* **HOW TO COMPLETE THIS TASK**: Starting at the line below holding "こうした習慣を定着させれば、" and stopping at the line holding "<p>Contemporary painting of", print every line exactly, both ends included, and leave the rest out.

* **MATERIAL FOR THIS TASK**:
===============

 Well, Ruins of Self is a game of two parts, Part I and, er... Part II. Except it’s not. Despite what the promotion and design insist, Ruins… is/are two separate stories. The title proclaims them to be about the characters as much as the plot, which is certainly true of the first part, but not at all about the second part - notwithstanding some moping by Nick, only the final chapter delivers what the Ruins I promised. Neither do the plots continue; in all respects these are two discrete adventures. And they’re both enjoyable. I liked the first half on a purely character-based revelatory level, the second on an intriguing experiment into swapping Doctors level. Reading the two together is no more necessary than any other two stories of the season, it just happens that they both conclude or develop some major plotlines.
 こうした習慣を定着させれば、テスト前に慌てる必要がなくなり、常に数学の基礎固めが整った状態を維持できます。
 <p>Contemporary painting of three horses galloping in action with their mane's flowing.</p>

===============

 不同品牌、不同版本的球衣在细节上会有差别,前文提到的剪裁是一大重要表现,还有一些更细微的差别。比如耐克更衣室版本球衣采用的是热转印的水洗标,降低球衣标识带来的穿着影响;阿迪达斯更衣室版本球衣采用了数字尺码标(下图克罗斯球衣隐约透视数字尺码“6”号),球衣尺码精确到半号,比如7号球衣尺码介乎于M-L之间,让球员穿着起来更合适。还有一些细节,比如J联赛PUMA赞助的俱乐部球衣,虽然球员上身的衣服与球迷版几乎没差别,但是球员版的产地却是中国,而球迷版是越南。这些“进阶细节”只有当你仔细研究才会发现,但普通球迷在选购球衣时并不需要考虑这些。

===============

* **THE ANSWER**:
 こうした習慣を定着させれば、テスト前に慌てる必要がなくなり、常に数学の基礎固めが整った状態を維持できます。
 <p>Contemporary painting of three horses galloping in action with their mane's flowing.</p>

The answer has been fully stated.